- _TASK TO COMPLETE_
Produce word for word the lines of the data below running from the one that has "品牌介绍:袁记云饺始创于19" to the one that has "Универсальная кнопка запуска", inclusive, and no others.

- _RECORDS SHOWN_
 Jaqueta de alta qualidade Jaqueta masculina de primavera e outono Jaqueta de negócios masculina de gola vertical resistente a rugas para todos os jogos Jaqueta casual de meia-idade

...

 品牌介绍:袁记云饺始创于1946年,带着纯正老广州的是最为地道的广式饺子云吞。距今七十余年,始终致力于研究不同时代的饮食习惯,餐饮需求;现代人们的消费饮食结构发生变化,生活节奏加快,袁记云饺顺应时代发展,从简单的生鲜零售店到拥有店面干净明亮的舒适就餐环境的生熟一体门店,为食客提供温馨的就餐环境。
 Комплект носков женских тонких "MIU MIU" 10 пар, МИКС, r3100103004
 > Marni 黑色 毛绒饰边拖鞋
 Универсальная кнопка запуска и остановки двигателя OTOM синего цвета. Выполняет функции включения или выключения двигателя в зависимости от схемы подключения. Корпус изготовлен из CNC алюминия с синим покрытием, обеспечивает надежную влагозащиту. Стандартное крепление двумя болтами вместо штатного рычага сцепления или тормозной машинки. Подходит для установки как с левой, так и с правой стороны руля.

- _PROBLEM SOLUTION_
 品牌介绍:袁记云饺始创于1946年,带着纯正老广州的是最为地道的广式饺子云吞。距今七十余年,始终致力于研究不同时代的饮食习惯,餐饮需求;现代人们的消费饮食结构发生变化,生活节奏加快,袁记云饺顺应时代发展,从简单的生鲜零售店到拥有店面干净明亮的舒适就餐环境的生熟一体门店,为食客提供温馨的就餐环境。
 Комплект носков женских тонких "MIU MIU" 10 пар, МИКС, r3100103004
 > Marni 黑色 毛绒饰边拖鞋
 Универсальная кнопка запуска и остановки двигателя OTOM синего цвета. Выполняет функции включения или выключения двигателя в зависимости от схемы подключения. Корпус изготовлен из CNC алюминия с синим покрытием, обеспечивает надежную влагозащиту. Стандартное крепление двумя болтами вместо штатного рычага сцепления или тормозной машинки. Подходит для установки как с левой, так и с правой стороны руля.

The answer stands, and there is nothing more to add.